I tried to add some other constant string to the code to check if it would affect the result but it didn't.


Solution

  • There seems to be a lot of confusion in comments regarding what is "undefined behavior" and what isn't, so let me go through this line by line:

    • BIGWORD* bwBufferCast = (BIGWORD*)cBuffer;
      This is valid C since all manner of wild and crazy pointer casts are allowed in C (C17 6.3.2.3 §7).

      However, this pointer conversion may in some cases invoke undefined behavior because the character array you start from may not be aligned and the struct type might have an alignment requirement. If this happens, some CPUs might instruction trap on the pointer assignment itself. On other CPUs you might get problem later when you de-reference the pointer.

    • (BIGWORD*) { "I am trying to copy this whole text inside a buffer!" };
      This is invalid C and will not compile cleanly. You create a compound literal consisting of a pointer. Initialization of that pointer (a so-called scalar) is done "as if by assignment" (C17 6.7.9 §11). Specifically, you are trying to initialize a BIGWORD* with a char*.

      We may then check the rules of valid assignment (C17 6.5.16.1) and find that for an implicit pointer conversion to be allowed during assignment, the pointers need to be compatible. They are not (C17 6.2.7), so this is a constraint violation and the compiler must issue a diagnostic.

      A program with constrain violations still resulting in a binary executable is non-conforming C and there are no guarantees by the standard for any behavior.

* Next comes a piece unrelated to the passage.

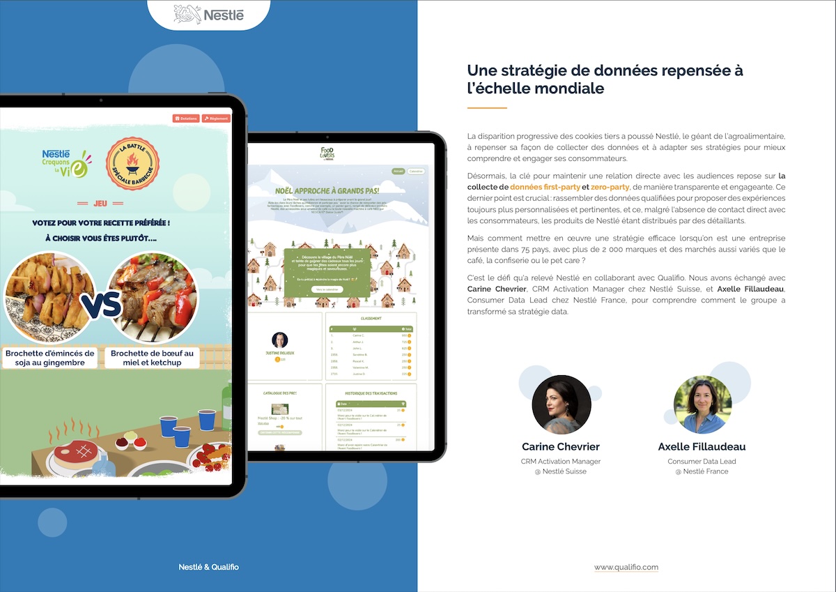 Dans ce cas client de 12 pages, Qualifio, leader européen de la collecte de données first- et zero-party par la gamification, détaille comment Nestlé, géant de l’agroalimentaire présent dans 75 pays avec plus de 2 000 marques, a transformé sa stratégie de collecte de données face à la disparition des cookies tiers. Le document s’appuie sur les témoignages de Carine Chevrier (CRM Activation Manager chez Nestlé Suisse) et Axelle Fillaudeau (Consumer Data Lead chez Nestlé France).

    • *(BIGWORD*) is fishy. Again there is the previously mentioned potential alignment issue, if the string literal was misaligned for the struct, which would be undefined behavior.

      But also fishy since you make an lvalue access of an object using a different type than the declared effective type. Normally we might call this a so-called "strict aliasing violation", What is the strict aliasing rule?. TL;DR a violation of the type system rules resulting in undefined behavior. That could result in incorrect code generation by the compiler.

      But as it happens, this very line is not a strict aliasing violation because (by luck?) you managed to fulfill one of the exceptions to that rule (C16 6.5 §7). We have a struct, an aggregate type, and there's an exception: "an aggregate or union type that includes one of the aforementioned types among its members". Where "aforementioned types" includes "a type that is the signed or unsigned type corresponding to the effective type of the object". A struct with an unsigned char[] member is the unsigned type corresponding to the effective type char[] of the object.

    • *bwBufferCast Same issues here as above. Potential misalignment, fishy but not strict aliasing violation.


    Conclusion:

    The program does not work fine because it does not compile. With a conforming compiler (gcc 13.3 -std=c17 -pedantic-errors) I get the expected diagnostic message:

    error: initialization of 'BIGWORD *' {aka 'struct _BIGWORD *'} from incompatible pointer type 'char *' [-Wincompatible-pointer-types]

    If you ran the executable anyway and it didn't trip over misalignment, then you might still get the expected results, either by (bad) luck or by a guarantee made through a compiler extension.

    Also please note that "I only got a warning" still means that the program could be invalid C, without guaranteed behavior. Check out What must a C compiler do when it finds an error?